By early 2013, they have been satisfied. Tyler and Cameron took $11 million from their Fb fortune and used it to quietly purchase round 110,000 Bitcoins. On the time, one Bitcoin price about $100. Virtually nobody had heard of it, and those that had largely laughed it off as a geeky libertarian fantasy. Critics thought the twins had misplaced their minds. Bitcoin wasn’t even a blip on Wall Road’s radar.

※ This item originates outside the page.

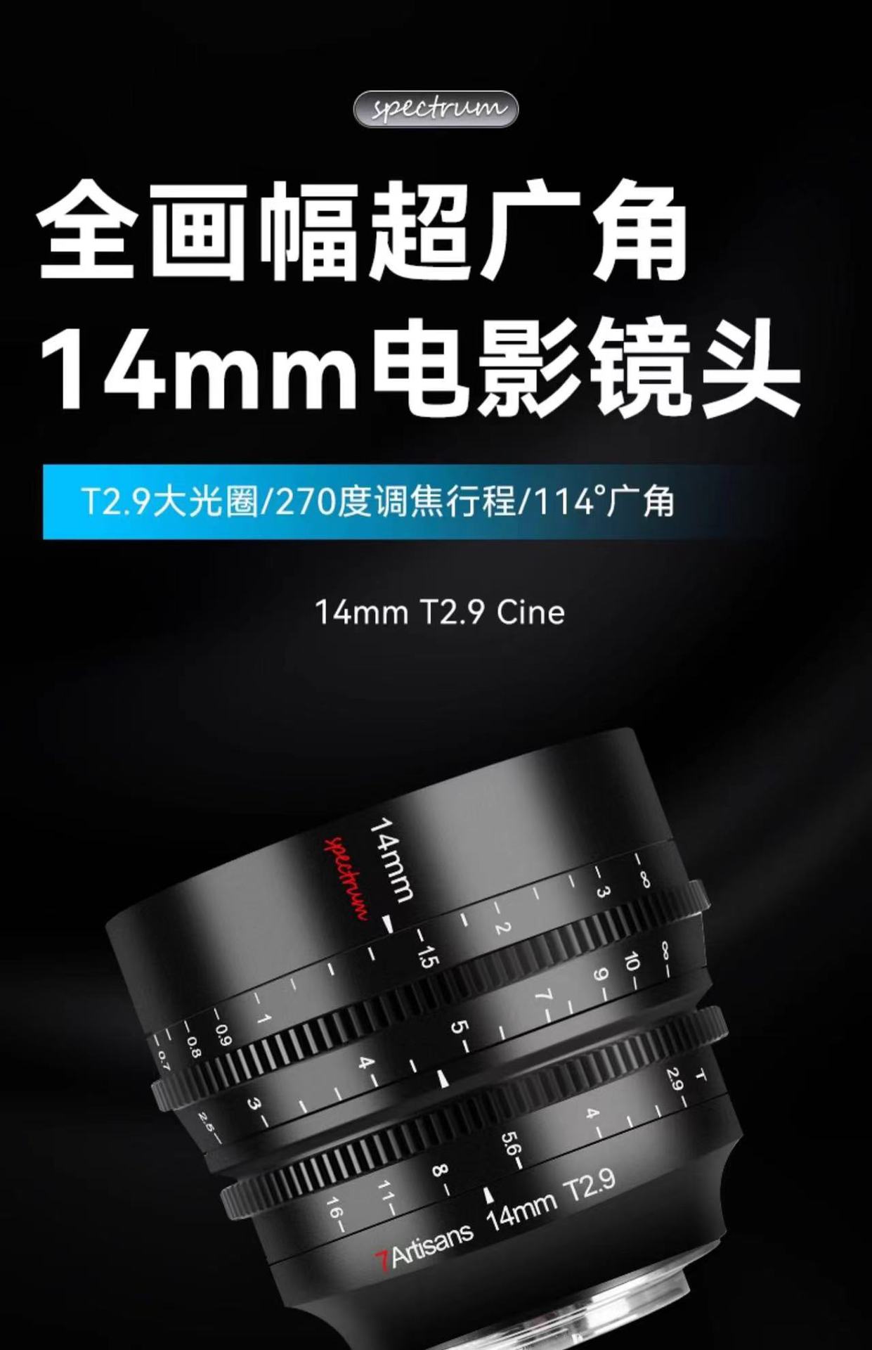 Lente Cine Ultra Gran Angular de Fotograma Completo Seven Craftsman 14Mmt2.9 Montura Zcam Fx3/Fe/Z/Rf/L

However they noticed one thing most individuals did not: the potential for a brand new type of cash, borderless and programmable, proof against inflation and interference.
And so they weren’t simply shopping for. They have been going all in.
Gemini
They did not simply wish to personal Bitcoin; they wished to assist legitimize it. That meant constructing infrastructure, not simply driving the wave. In 2014, they started laying the groundwork for a cryptocurrency alternate that may be clear, safe, and regulation-friendly. The consequence was Gemini, which formally launched to the general public in October 2015. At a time when most crypto exchanges operated just like the Wild West, Gemini was constructed to really feel just like the New York Inventory Change. It was based mostly within the U.S., compliant with regulators, and aimed squarely on the mainstream.
“We wished to construct an alternate that the typical individual and the federal government might belief,” Tyler defined. And for some time, that imaginative and prescient labored. Gemini grew to become some of the revered exchanges in the US. The twins even launched their very own stablecoin, the Gemini Greenback, and bought an NFT platform referred to as Nifty Gateway simply earlier than the 2021 NFT growth. Their firm was rising, their popularity was shifting, and Bitcoin’s value saved climbing.
However being crypto pioneers meant weathering crypto chaos. In 2022, a lending accomplice of Gemini’s referred to as Genesis World Capital collapsed, leaving practically $900 million of buyer funds locked up in an interest-earning program referred to as Gemini Earn. Lawsuits adopted. So did regulatory scrutiny. The SEC got here knocking. Customers have been livid. Critics resurfaced. For the primary time in practically a decade, the Winklevoss twins appeared susceptible.
Bitcoin Billionaires
However identical to after the Fb saga, they did not disappear. They regrouped. They fought again towards regulators, negotiated settlements, and labored to revive Gemini’s standing. In the meantime, Bitcoin rebounded. Arduous. As of June 2025, a single Bitcoin trades for about $105,665. If the Winklevoss twins actually by no means offered any of their unique 110,000 cash, their once-ridiculed $11 million wager is now value over $11.6 billion.
What began as an asterisk within the historical past of Fb has turn out to be a headline within the story of recent finance.